*Dataset extract*.
.....

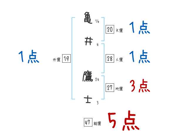 総運![]() | 亀井鷹士さんの総運は47画の5つ星!実力が開花し発展する円満な人生。財に恵まれる。 あなたの人生を表す1番重要な運勢です。生涯を通じて影響する総合運となり、主に50歳以降の晩年期に影響を及ぼします。 |
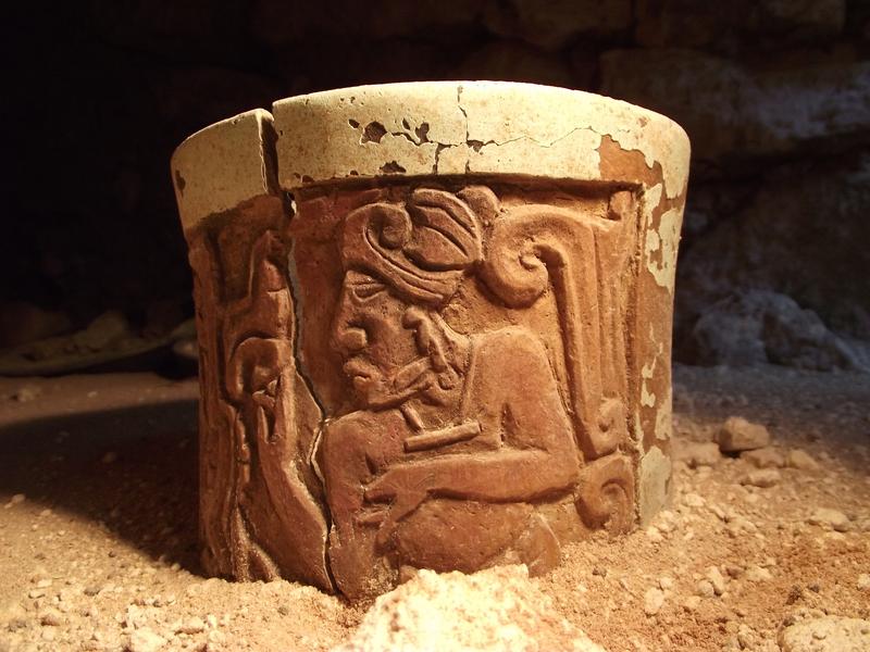 Eines der reliefverzierten Keramikgefäße, das als Kakaobecher diente mit der Darstellung eines jungen Mannes. Kakao war das Getränk des Adels in der Maya-Gesellschaft. Quelle: Foto: Archäologisches Projekt Uxul/Universität Bonn (idw)
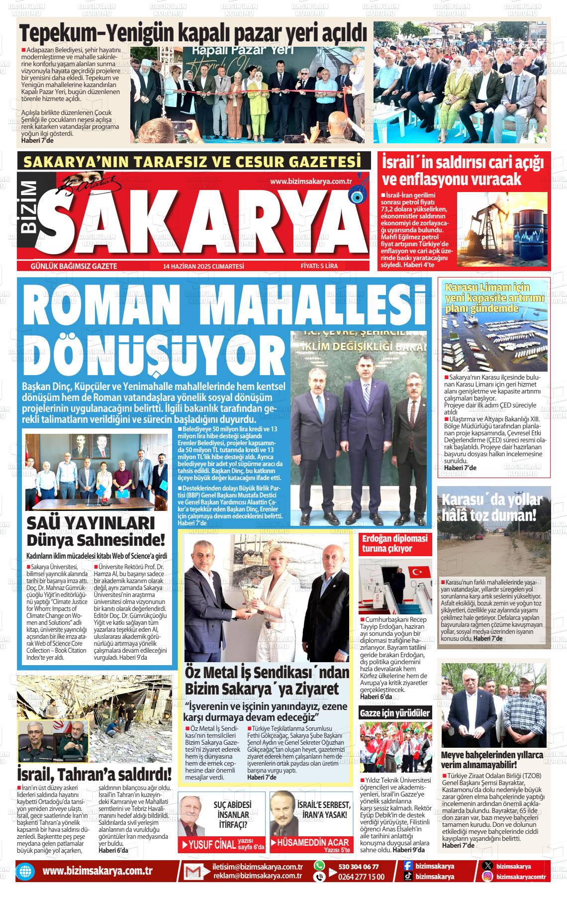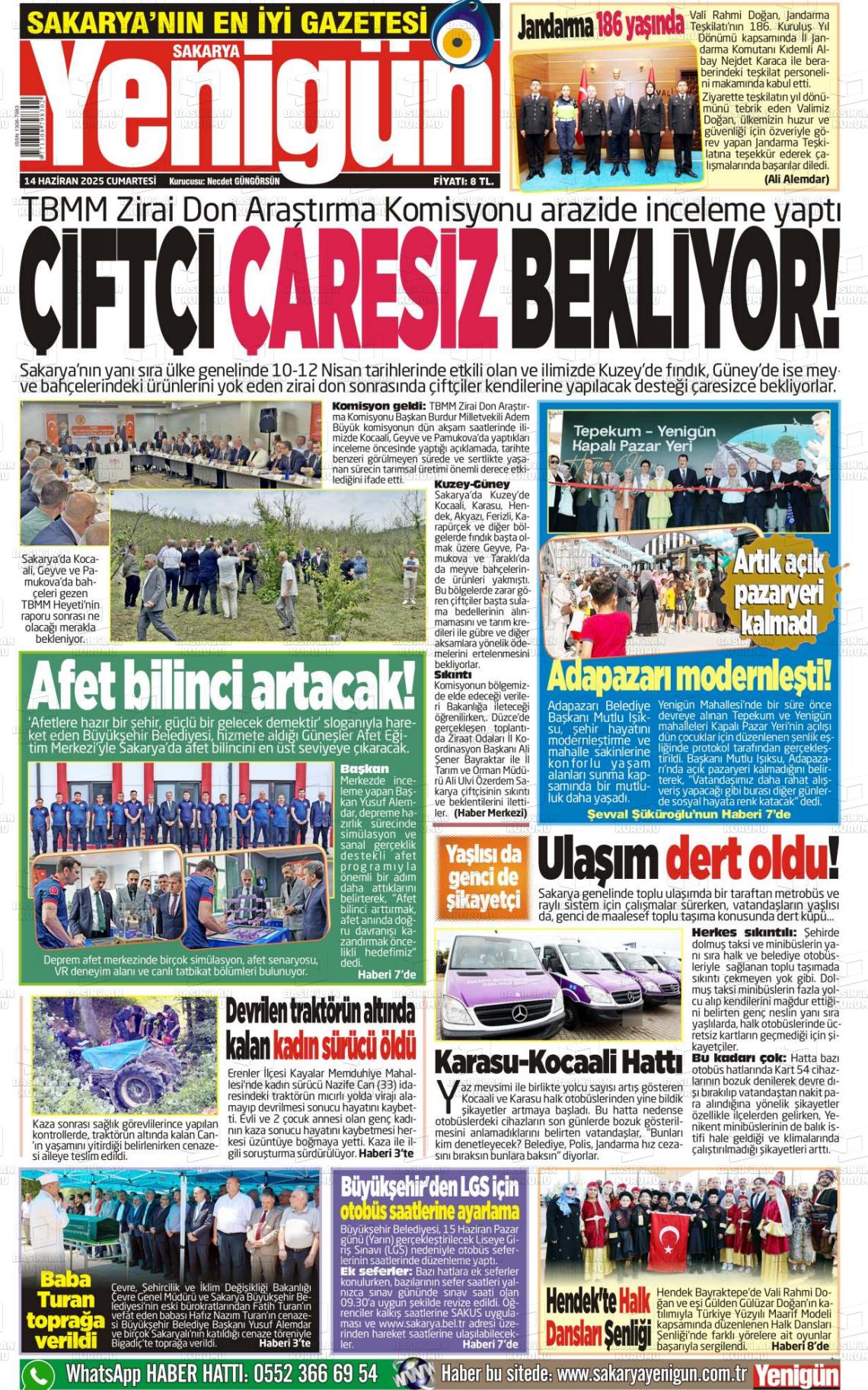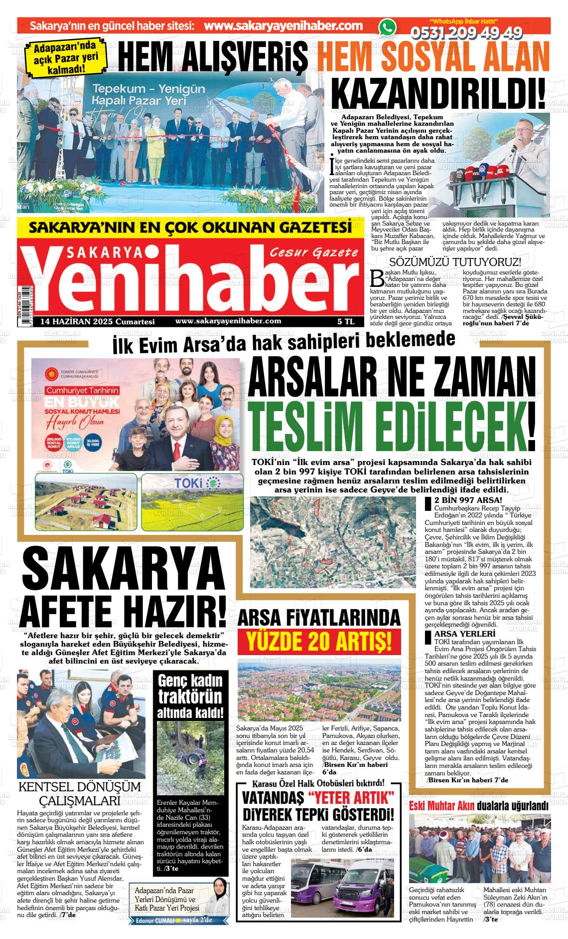 Sakarya Yerel Gazeteleri 07 Kasım 2025, Cuma Günü Manşeti

.....

Hand back the data exactly as it appears, with all pictures cut.

 総運![]() | 亀井鷹士さんの総運は47画の5つ星!実力が開花し発展する円満な人生。財に恵まれる。 あなたの人生を表す1番重要な運勢です。生涯を通じて影響する総合運となり、主に50歳以降の晩年期に影響を及ぼします。 |
 Eines der reliefverzierten Keramikgefäße, das als Kakaobecher diente mit der Darstellung eines jungen Mannes. Kakao war das Getränk des Adels in der Maya-Gesellschaft. Quelle: Foto: Archäologisches Projekt Uxul/Universität Bonn (idw)
 Sakarya Yerel Gazeteleri 07 Kasım 2025, Cuma Günü Manşeti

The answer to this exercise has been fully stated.